Sandalwood, and the fakes we love.

Sandalwood & it’s synthetic friends.

I recently received a bad review on a single note sandalwood extraction. I’ve had my share of rude or bad reviews, and I don’t become upset when someone dislikes my craft – the diversity of our needs and experiences is amazing. Conceptually, it’s such a fantastic thing that people have an immense diversity of tastes.

But when you insult sandalwood and say it doesn’t smell right… we’ll, we have to have a chat.

First off, let me lament how difficult it is to write to someone that they don’t know what they’re talking about without sounding like a jerk. It’s really hard!

Second, let me address how sad it is that so few of us have a relationship with plants’ true scent. For example, most rose out there is a synthetic rose fragrance – and it’s so common in our products that the smell of synthetic rose smells more genuine than natural rose to the majority of people out there. It’s true; you can conduct this scent test with unsuspecting friends at home.
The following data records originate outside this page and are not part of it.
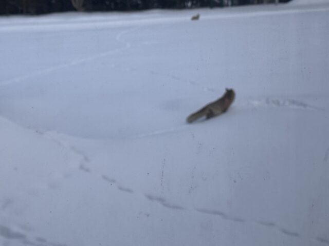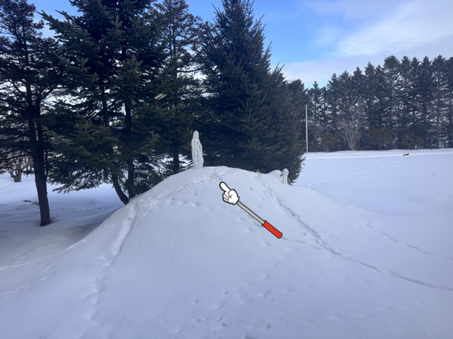 うっすらと雪が積もっている裏庭のマリア像。指示棒のあたりにキタキツネが昼寝していました。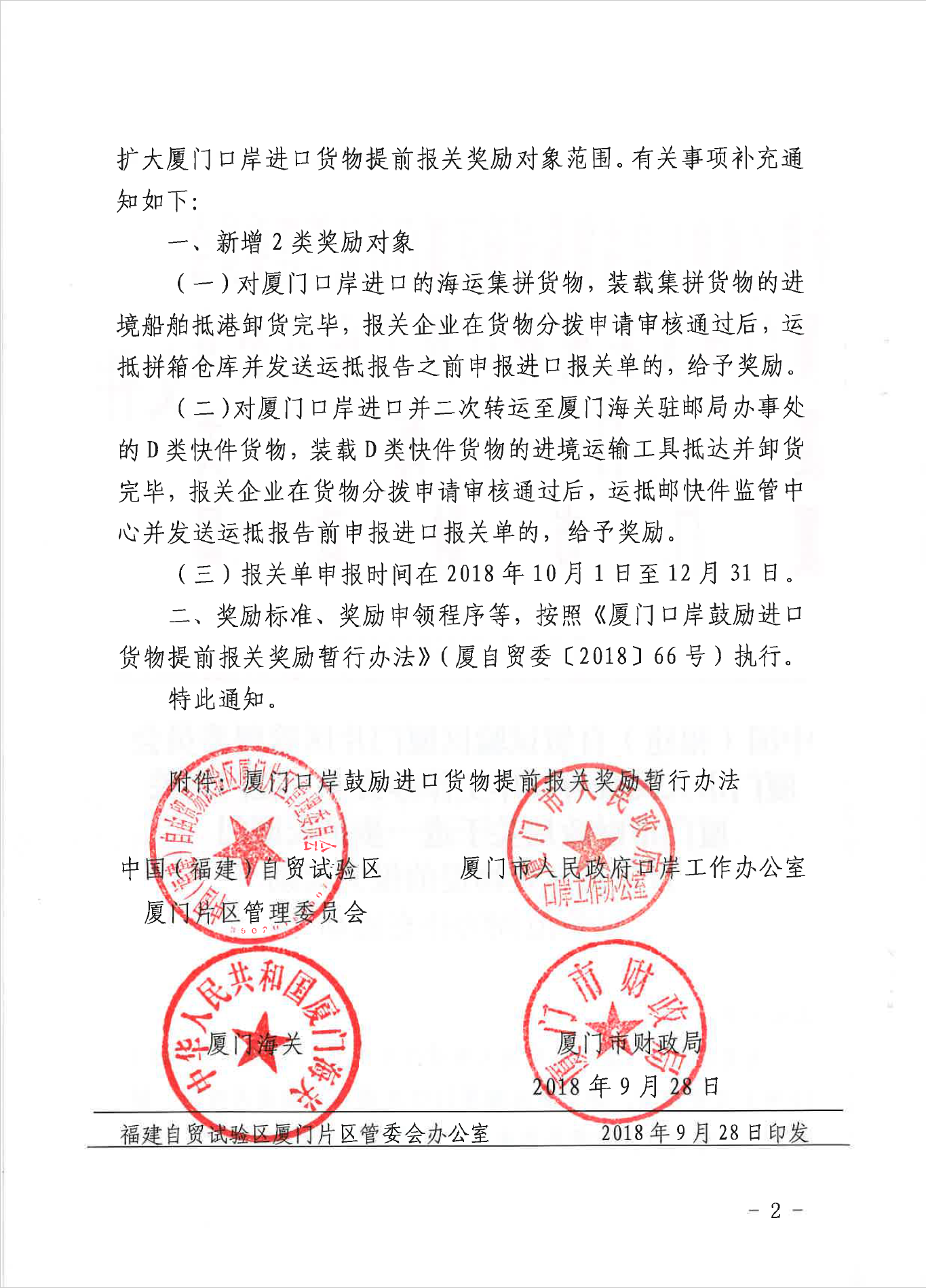 廈門口岸鼓勵(lì)進(jìn)口貨物提前報(bào)關(guān)獎(jiǎng)勵(lì)暫行辦法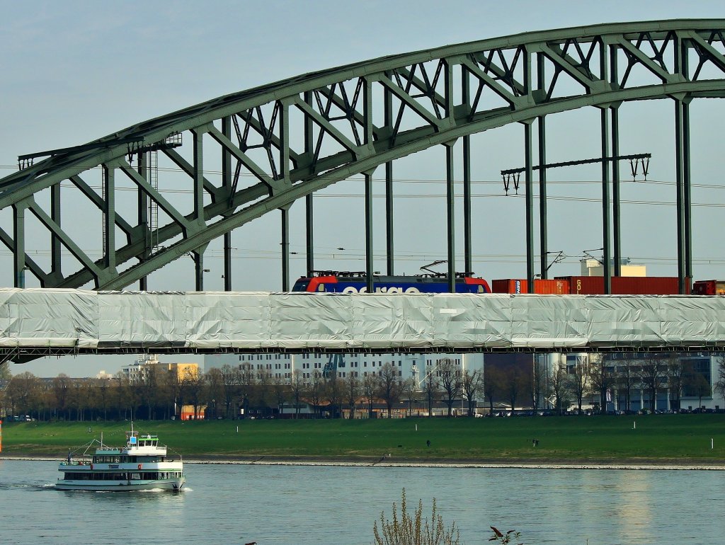 eigendlich war es fast ein Frustbild was ich da gemacht habe. Ich war mit Stefan auf der Südbrücke um dort festzustellen, das man dort überhaupt nicht fotografieren kann. Als wir dann anschließend auf unsere Strassenbahn gewartet haben um nach Bonn zu fahren, zog die 482er der SBB den Containerzug über die Brücke. Auf dem Rechner zu Hause entdeckte ich erst den Reiz des Bildes mit dem Schiff und der verhangenen Brücke, die mich sofort an Christo erinnerte. Nun freue ich mich natürlich umsomehr das nicht nur ich gefallen an dem Bild habe.

I started seeing this trend about 6 years ago when a friend told me she purchased this amazing pure sandalwood-rose oil perfume from Bali and how it’s so much better than synthetic! She said that she didn’t understand why commercial scents were so used when the beautify of nature could be felt in this perfect blend of sandalwood and rose essential oil. She also mentioned the surprisingly low price.

Oh darling, what you have is synthetic. And that’s OK.

Around the world, we pay the same amount for sandalwood and rose oils; natural oil prices do not fluctuate simply because the average wage is a country is higher or lower. Pure natural oils are costly all over the world. You cannot buy pure sandalwood-rose for only a few dollars. Yes, you may have a dilution, but even that is unlikely to cost so little.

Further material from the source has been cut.